After this I get many similar messages and eventually an exception for out of memory will be thrown at varying places within my program.

I mostly just want to be able to understand my memory usage so I can tackle the most consumptive parts.

Debug.Print(Debug.GC(false)).ToString();

““Failed allocation for xxx blocks, xxxx bytes” is when you try to create an object that is larger than the continuous block of ram due to memory fragmentation.

For me i pretty much use it like the yellow warning light on your cars fuel gauge.

Forcing a GC before allocation might help .

1 Like

Oh wow I forgot to check i for a ToString. Thanks!

I still don’t see why I get that message and not an exception as well. Does it run a GC and then try again?

I also can’t seem to catch the actual OutOfMemory. Is it because it is a FirstChance exception?

Is this accurate? It is printing about 20k and then failing to allocate about 2.5k.

It’s not out if ram but doesn’t have a continous free block of ram big enough for the object.

Interesting. I have a bunch of little objects that are encapsulated by slightly bigger objects that are encapsulated by one big object. So maybe I will try to make it just a bunch of little objects.

Hmm. This doesn’t seem to make much of a difference. But that makes sense right? The large objects just hold references to the smaller objects so there wouldn’t be a need for enough continuous memory to store everything in one place, correct?

My plan is to study as best I can how memory works in this system and try to find a better way to allocate everything.
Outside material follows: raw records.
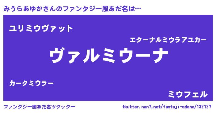 男性向けラノベタイトル風あだ名 | 『魔弾の王とみうらあゆか』 |
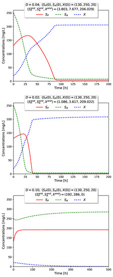 In our study we assume that the influent concentrations of phenol () and SA () are constant. The dilution rate D is considered as a control function in the model.
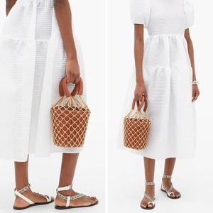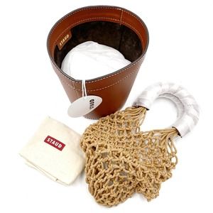 NEW Staud Mareau Cage Bucket Bag Brown Leather Tan Rope Net Double Handle
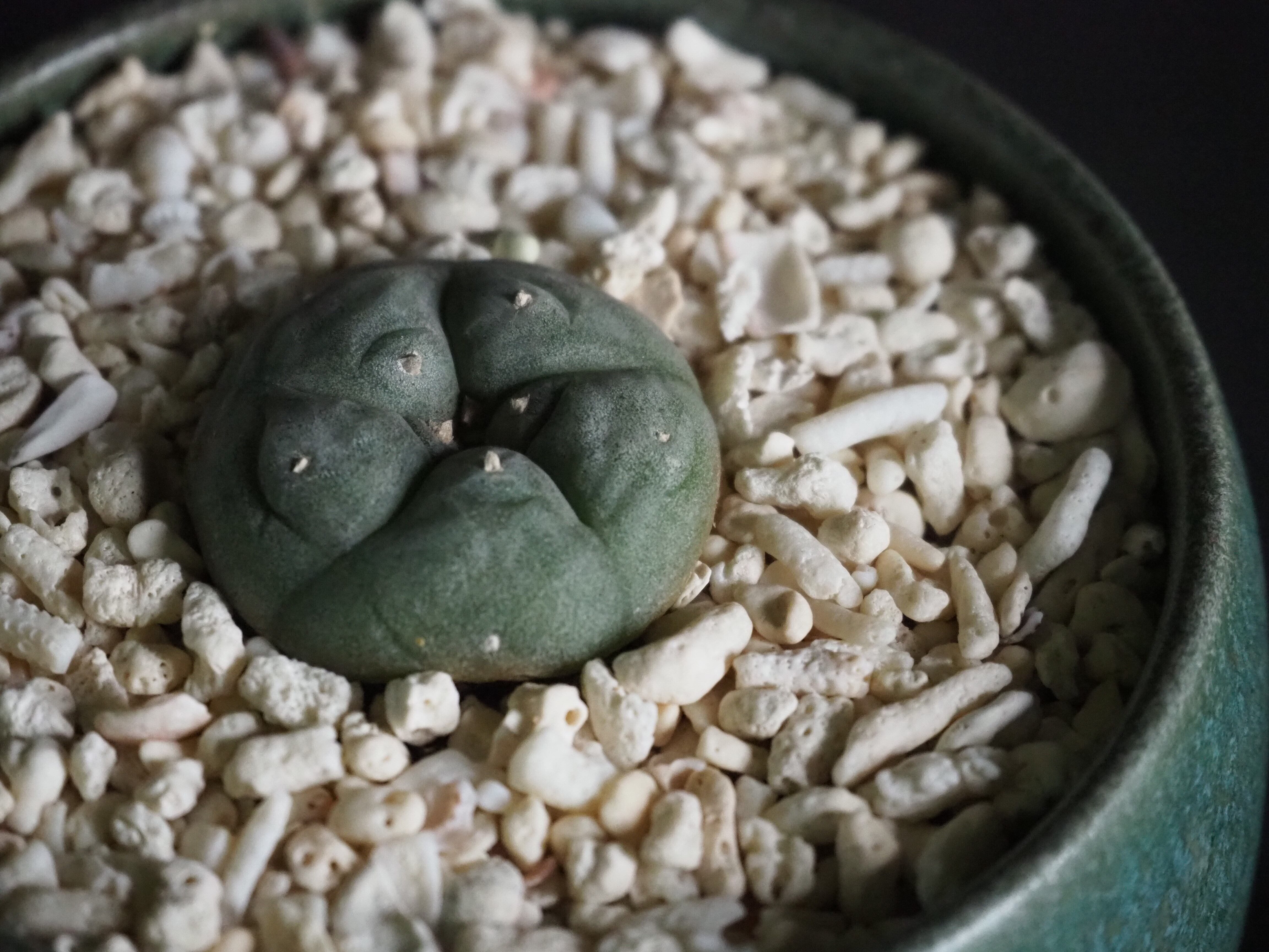 夏型のサボテンなので、春~秋の暖かい時期は水やりが必要ですが、真夏の猛烈に暑い時期はやや控えめの水やりを行ってください。春・秋が最も生長しますのでたっぷり水やりし、しっかり乾いたら水やりするを基本にしてください。11~2月の寒い時期は断水せずに少量の水やりを行ってください。ロフォフォラ属は極度な乾燥を嫌いますので放置プレイは厳禁です。また、水やりの際はジャブジャブ上から水を掛けずに株元にやさしく行ってください。
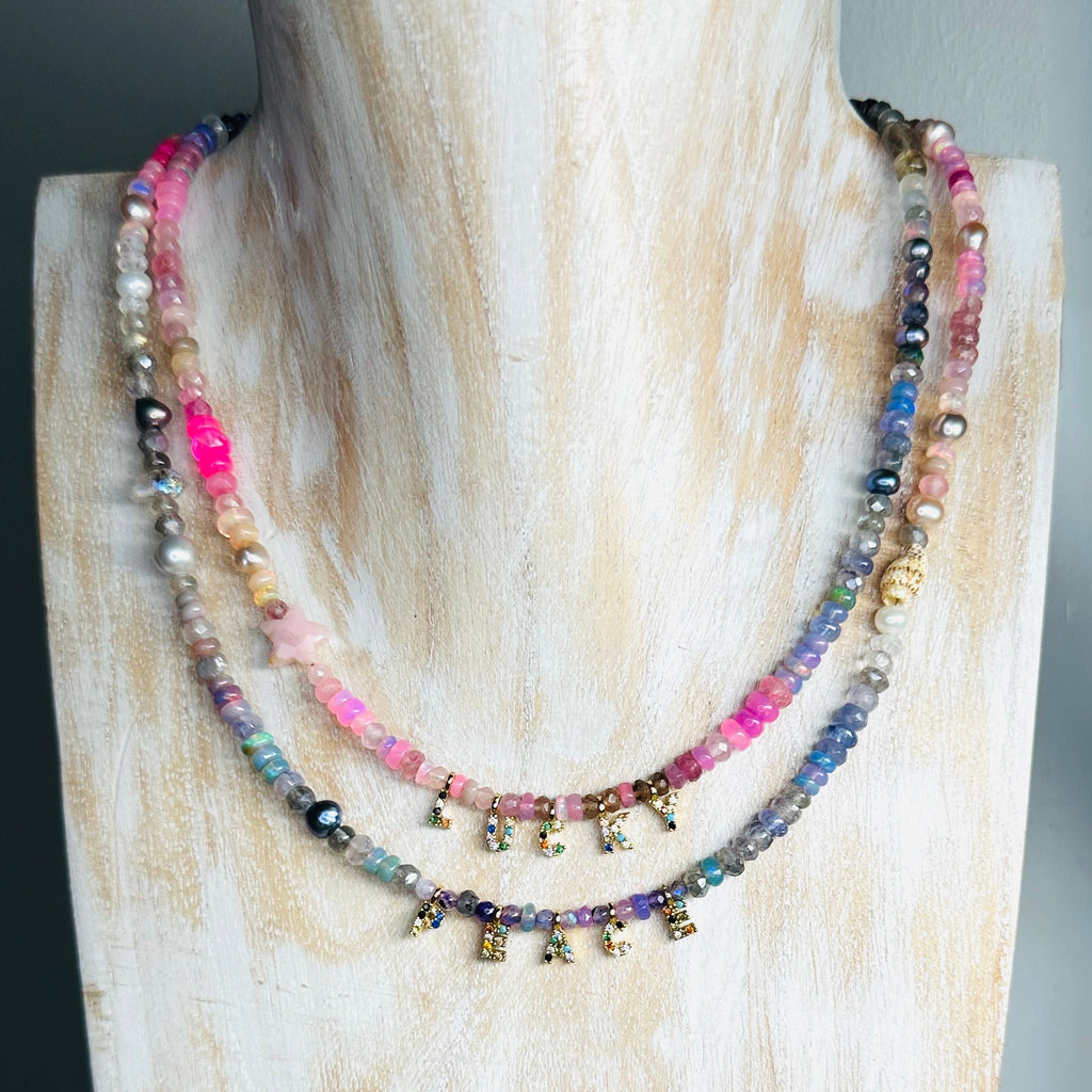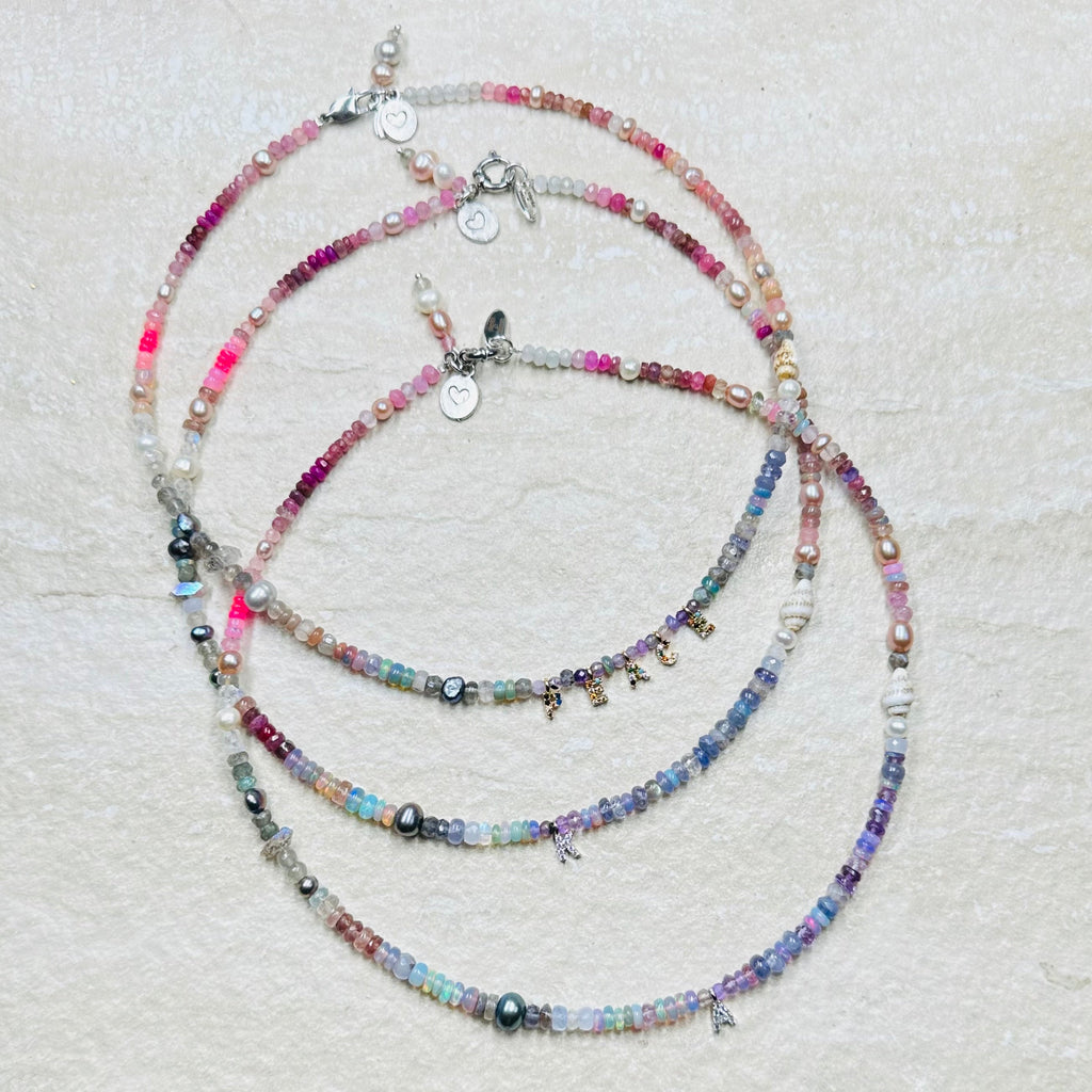 Our Rose Violet necklace is handmade from ombré shades of purple, delphinium blue and pink sustainably sourced gemstones. Including a handcut pale pink opal star it also includes hand cut opal, moonstone, tanzanite, tourmaline, pearl, sapphire, amethyst and ruby rondelles.tones including garnet, ruby, agate, opal, moonstone, pearls. You can choose between heart shaped toggle or sailor clasp in 24 kt gold vermeil.

This would work, I believe, in the event that my issue is memory fragmentation.

I will also try to determine the entire size of my objects given there is no fragmentation to see if maybe my data structure is just too large for my embedded system.

Just a couple questions if anyone has any insight to help me:

  1. When I print Debug.GC ( ) do I see a number that is affected by fragmentation? Or is the value the total number of free bytes… even if they are so spread out I won’t find much use for them?

  2. Is there a better reference for me to study memory within .netmf 4.3 than the full .NET documentation?

  1. Shows free ram regardless of fragmentation. Try running Debug.GC(true) to help clean up of unused objects which will help with the fragmentation.

  2. As you have no doubt learnt already, NETMF references are few and far between and slowly disappearing :frowning:

Thanks, Justin.

I do force the GC before every single allocation and I’m not seeing improvement. It could be because this portion of my program is the only portion that allocates memory after startup (all other objects are known about beforehand and never die).

It’s possible that my objects are simply bigger than I think they are. I’m just unsure because in printing from the GC the same sized objects appear to vary by as much as 30%.

It may be required that I move these data structures to the PC and implement more detail in my wireless commands to achieve the correct results. This is going to be a massive overhaul for me and deserves some analysis. So I am going to follow this up with a description of my data structure and some psuedo code which shows how I allocate and fill the structure.

My hope is that if I provide more detail then it may be clear to someone how I am misusing the memory allocation system.

Or perhaps I am not misusing it, and someone could see why my objects are so much larger than the serial stream that I use to build them. In this case my choice to put more strain on the wireless system by providing the result needed over wireless instead of the location of where to start traversing the data structure will be justified as the only feasible path to success.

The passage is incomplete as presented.